Я продолжил чтение. И уже ничего вокруг не замечал.
Вот и всё. Это была первая встреча.
А ехал я в Краснодар по юношеской глупости. Наверно, начитался Паустовского, бредил вагонным движением. Шумом и гудками поездов, крепким запахом креозота от шпал. И, неловко сказать, ходил на Волгоградский вокзал глядеть на пассажиров. Просто глядеть, завидуя. У них была нескучная жизнь. Так, усевшись на фанерной желтой скамейке, я задремал. А очнулся от какой-то чудной речи. Она была русской, но и странной, с чудными грубыми словами, чудеса в решете — в них таилась нежность.
Разговаривали, балакали кубанцы.
И я уже на вокзале моментально как-то решил. Вот где надо жить. И, кое-как, поспешно собрав чемодан, рванул туда, очумев от одинокого дагестанского учительства и... постылого пустынного пейзажа солдатской службы на ракетном космодроме Капустин Яр.
На Кубани я сразу сделал два открытия, равных открытию Америки или изобретению велосипеда. Оказывается, здесь находится та самая Тамань, которую заклеймил Михаил Лермонтов словосочетанием «скверный городишко». Она, эта Тамань, существует и в самом деле.
Только была уже станица, а не город.
Второе открытие: здесь, в южном городе Краснодаре, обитает певец Сибири и «брянских» Виктор Лихоносов.
Жив-здоров. И книги пишет. Тогда не говорили «тексты» — книги.
Вскоре мне пришлось убедиться и в первом, и во втором.
Станица Тамань пахла тогда сожженной ботвой и давленой виноградной ягодой.
Да, здесь судьба проносила поручика Лермонтова в крепость Фанагорию.
Лермонтовские дни в Тамани. Так назывался праздник в начале октября. Я на него попал. Видел кованый сундук в хате Царицихи. Его подробно осматривали охмелевшие от морского и винного воздуха писатель Андрей Битов и актриса, вдова Василия Шукшина. Они попеременно цокали. У колодца рядом с хаткой Битов сказал, что Лермонтов пророк и провидец.

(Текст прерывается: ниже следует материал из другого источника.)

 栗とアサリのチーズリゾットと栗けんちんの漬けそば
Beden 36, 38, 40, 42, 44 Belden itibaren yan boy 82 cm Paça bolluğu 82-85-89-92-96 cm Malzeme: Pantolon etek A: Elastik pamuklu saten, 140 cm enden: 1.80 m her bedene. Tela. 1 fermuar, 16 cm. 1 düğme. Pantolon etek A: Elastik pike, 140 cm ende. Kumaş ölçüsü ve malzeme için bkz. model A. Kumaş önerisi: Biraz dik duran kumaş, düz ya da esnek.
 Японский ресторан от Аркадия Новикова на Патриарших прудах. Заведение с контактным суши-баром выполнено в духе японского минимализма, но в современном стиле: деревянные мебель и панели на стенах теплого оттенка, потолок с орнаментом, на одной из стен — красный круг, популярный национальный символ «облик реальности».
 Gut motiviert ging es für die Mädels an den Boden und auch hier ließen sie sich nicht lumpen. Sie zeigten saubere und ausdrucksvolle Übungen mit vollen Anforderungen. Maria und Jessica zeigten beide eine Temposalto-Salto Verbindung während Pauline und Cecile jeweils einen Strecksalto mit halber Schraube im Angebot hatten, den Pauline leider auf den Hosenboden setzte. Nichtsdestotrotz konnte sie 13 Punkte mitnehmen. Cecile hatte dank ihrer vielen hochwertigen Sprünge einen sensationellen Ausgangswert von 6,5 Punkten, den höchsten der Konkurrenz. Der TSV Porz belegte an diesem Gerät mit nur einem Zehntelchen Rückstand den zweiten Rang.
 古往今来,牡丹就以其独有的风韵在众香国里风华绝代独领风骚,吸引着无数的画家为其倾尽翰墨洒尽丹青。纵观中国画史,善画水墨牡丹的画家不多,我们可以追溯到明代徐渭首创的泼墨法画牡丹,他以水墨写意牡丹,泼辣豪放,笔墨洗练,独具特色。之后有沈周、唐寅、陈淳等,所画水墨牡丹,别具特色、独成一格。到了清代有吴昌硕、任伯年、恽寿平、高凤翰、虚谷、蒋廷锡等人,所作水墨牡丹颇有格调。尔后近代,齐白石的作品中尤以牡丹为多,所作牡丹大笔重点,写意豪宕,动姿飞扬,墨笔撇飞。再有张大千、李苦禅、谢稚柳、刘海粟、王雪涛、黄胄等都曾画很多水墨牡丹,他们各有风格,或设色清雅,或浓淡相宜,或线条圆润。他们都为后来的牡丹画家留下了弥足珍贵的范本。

И пропел вполне сносно: «Спит земля в сиянье голубом...»
Да, Тамань существовала. А вот контрабандистов, ундину и слепого Янко встретить не привелось.

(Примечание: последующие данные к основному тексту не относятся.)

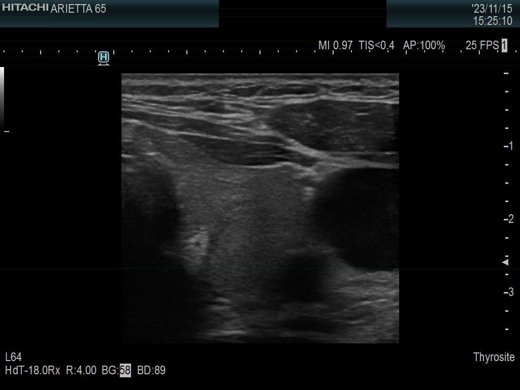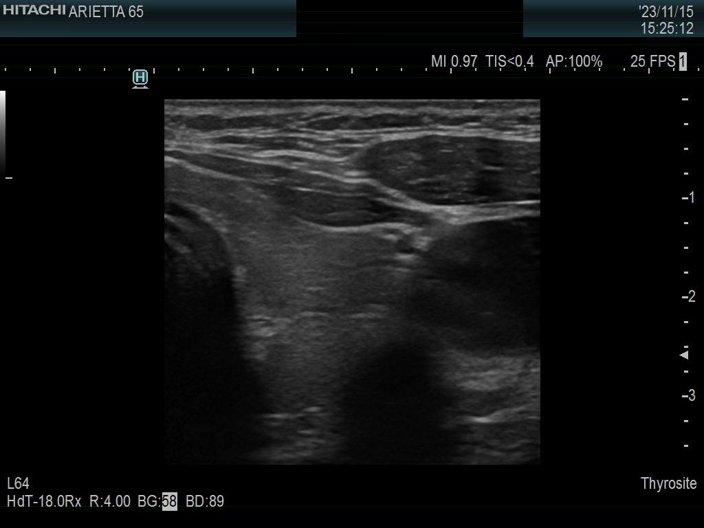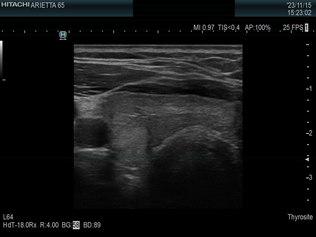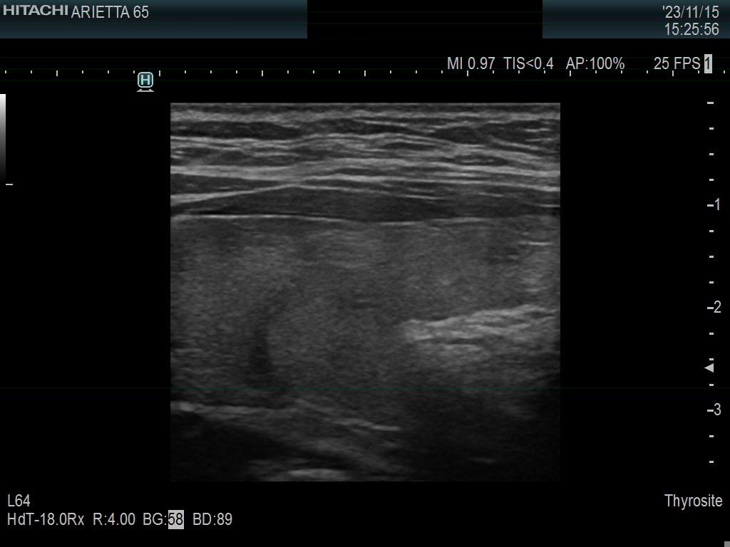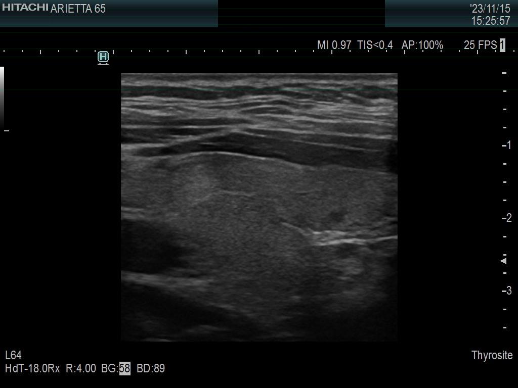 Ultrasonography. The thyroid was minimally hypoechoic. The echogenicity of the dorsal part of the left lobe where the nodule was previously described did not differ from other parts of the thyroid. There was a connective tissue running ventral to this part of the lobe and hypoechoic areas were found upper and dorsal to this. Neither halo nor perinodular blood flow was present.
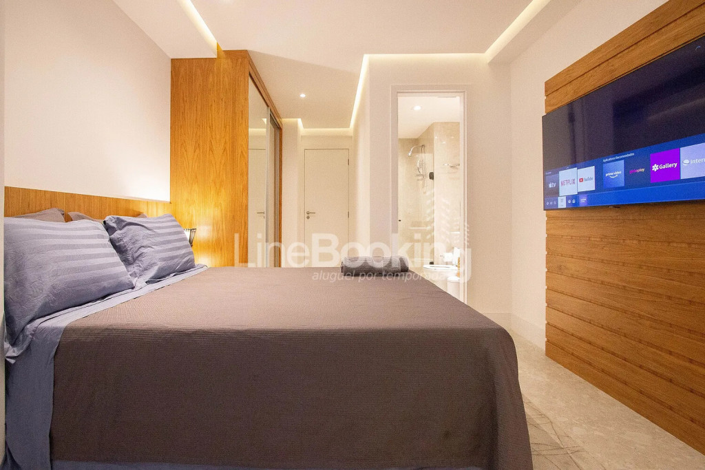 Suite 4: Equipada com cama de casal, moveis planejados, ar condicionado Inverter, TV Smart 55\".
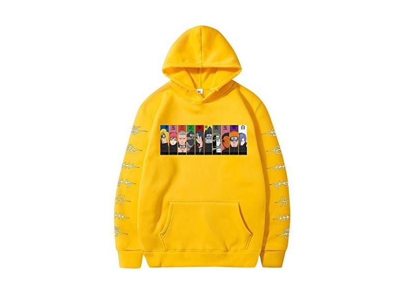 Moletom Naruto Anime Masculino Moletom Blusa Com Capuz Anime Estampada Moletom Naruto Infantil e Adulto (B-yellow,S)

Убедиться же в существовании Виктора Лихоносова мне помог поэт Михаил Ткаченко.
— Едем в Пересыпь, к Лихоносову! — Кудрявый, цыганисто-красивый — его за глаза называли Будулай — радовался.
— Нас не звали! — возразил я.
— Мы закуски с собой привезем, в мешках! — так Михаил оправдывал наш непрошеный визит. Так поступают только русские.
К нам прицепилась еще пара поэтов из Краснодара.
В широком дворе летней резиденции Лихоносова на широкий стол мы вывалили мешки: свои крендели и своих копченых куриц.
Но Лихоносов не смутился. Хотя, конечно, не ждал.
Лихоносов, так себе мужичок, в клетчатой рубашке, седая кудель волос, стал говорить о близких вулканах. И что-то зеленое нет-нет да и плеснется в глазах. Не писатель — сантехник.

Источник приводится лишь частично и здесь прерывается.